Troubleshooting
When a large list of hashes is provided VTTL may delay for an extended period of time, eating CPU, before providing additional prompts. This is because it is sorting through vtlist.txt to ensure there is not a mix of domains/IP and hashes as these can't be combined in spreadsheet mode.
Another possibility is that a CSV file was provided to combine with. VTTL will index the CSV before begining lookups, which will take time. If it seems to be taking a long time then confirm that the CSV has both carriage return and line feed. Without both the script thinks the whole file is one line, which causes problems.

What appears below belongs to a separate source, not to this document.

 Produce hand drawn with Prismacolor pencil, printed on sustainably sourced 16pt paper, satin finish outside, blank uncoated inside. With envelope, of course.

This behavior also occurs when using feeds, as those need to be loaded into memory for comparison. Loading large amounts of intel is slow, but scanning is typically fast once loaded. Feeds can be disabled via the INI settings:
MalwareFeed=False
AttackerFeed=False
MultiFeed=False
ProxyFeed=False
Adding URIs to the watchlist from intel feeds adds overhead if there are a lot of URIs. To disable set the following value in vttl.ini:
WatchIntelURLs=False
Ensure you have properly configured the fallback methods described in the Documentation.

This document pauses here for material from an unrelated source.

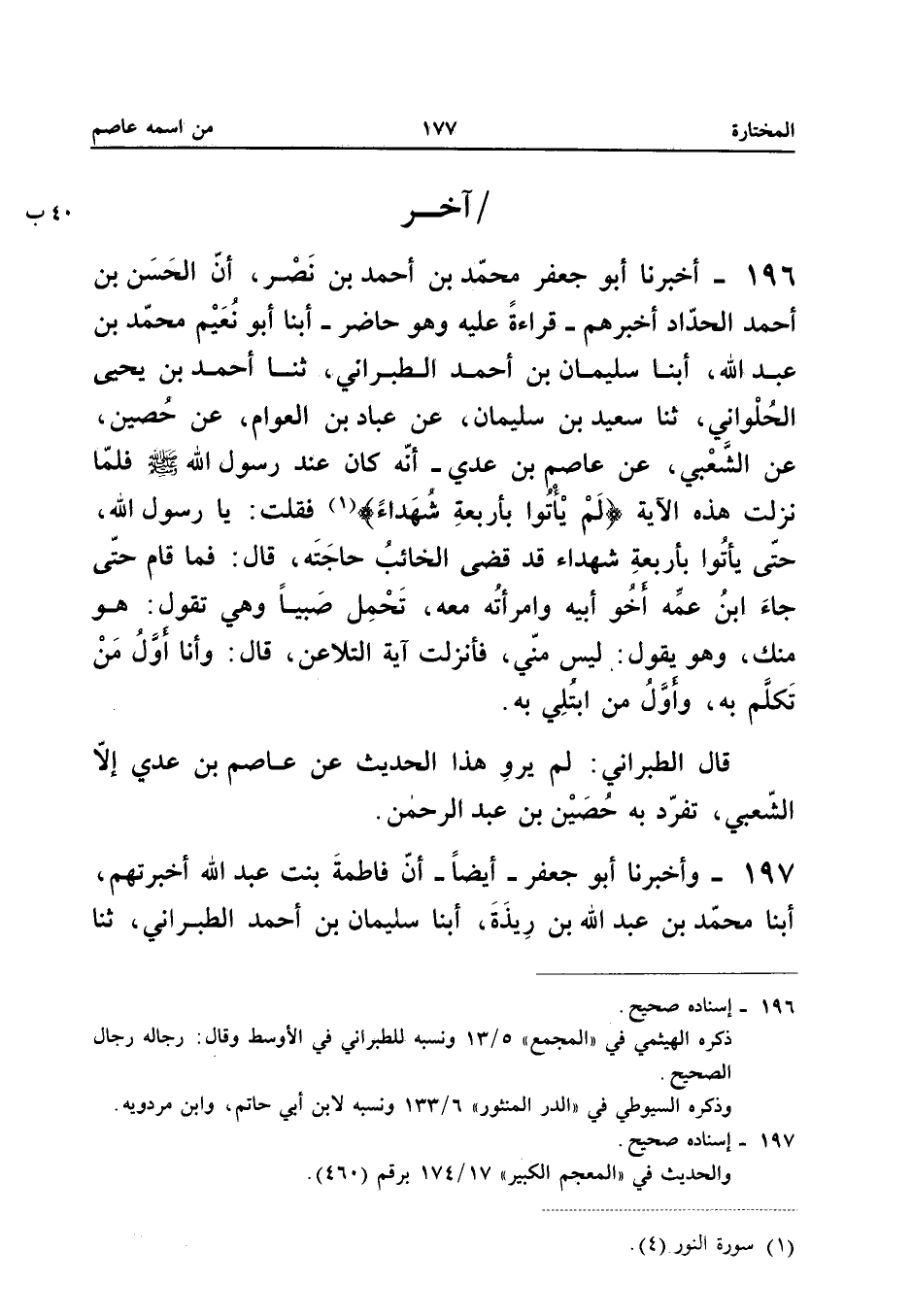 ١٩٦ - أَخْبَرَنَا أَبُو جَعْفَرٍ مُحَمَّدُ بْنُ أَحْمَدَ بْنِ نَصْرٍ، أَنَّ الْحَسَنَ بْنَ أَحْمَدَ الْحَدَّادَ أَخْبَرَهُمْ - قِرَاءَةً عَلَيْهِ وَهُوَ حَاضِرٌ - أَبْنَا أَبُو نُعَيْمٍ مُحَمَّدُ بْنُ عَبْدِ اللهِ (¬١)، أَبْنَا سُلَيْمَانُ بْنُ أَحْمَدَ الطَّبَرَانِيُّ، ثَنَا أَحْمَدُ بْنُ يَحْيَى الْحُلْوَانِيُّ، ثَنَا سَعِيدُ بْنُ سُلَيْمَانَ، عَنْ عَبَّادِ بْنِ الْعَوَّامِ، عَنْ حُصَيْنٍ، عَنِ الشَّعْبِيِّ، عَنْ عَاصِمِ بْنِ عَدِيٍّ: «أَنَّهُ كَانَ عِنْدَ رَسُولِ اللهِ - صَلَّى اللهُ عَلَيْهِ وَسَلَّمَ - فَلَمَّا نَزَلَتْ هَذِهِ الْآيَةُ {لَمْ يَأْتُوا بِأَرْبَعَةِ شُهَدَاءَ} فَقُلْتُ: يَا رَسُولَ اللهِ، حَتَّى يَأْتُوا بِأَرْبَعَةِ شُهَدَاءَ قَدْ قَضَى الْخَائِبُ حَاجَتَهُ، قَالَ: فَمَا قَامَ حَتَّى جَاءَ ابْنُ عَمِّهِ أَخُو أَبِيهِ، وَامْرَأَتُهُ مَعَهُ تَحْمِلُ صَبِيًّا وَهِيَ تَقُولُ: هُوَ مِنْكَ، وَهُوَ يَقُولُ: لَيْسَ مِنِّي، فَأُنْزِلَتْ آيَةُ التَّلَاعُنِ، قَالَ: وَأَنَا أَوَّلُ مَنْ تَكَلَّمَ بِهِ، وَأَوَّلُ مَنِ ابْتُلِيَ بِهِ».

When VTTL pulls items from local cache it may not delay/sleep in between each hash lookup. So if multiple hashes in a row are located within cache then VTTL will utilize CPU continuously until a hash is encountered that is not located within the cache.
The following error is displayed:
This can occur when the wrong path is specified for the database. If it is set to a hard coded path such as follows make sure the path exists:
database_location=c:\vttl\vttl.db
In the example above, if the folder c:\vttl does not exist the error will be generated as the database can't be created/accessed. Remove the folder path to have the database created in the current directory:
database_location=vttl.db
This can also occur when the SQLite driver is not properly installed. Open Control Panel > Administrative Tools > Data Sources (ODBC). Click the Drivers tab in the ODBC Data Source Administrator.
Ensure that the SQLite3 ODBC Driver shows up exactly as shown in the screenshot above. If it is missing the "3" after SQLite then you need to uninstall and reinstall the SQLite ODBC driver.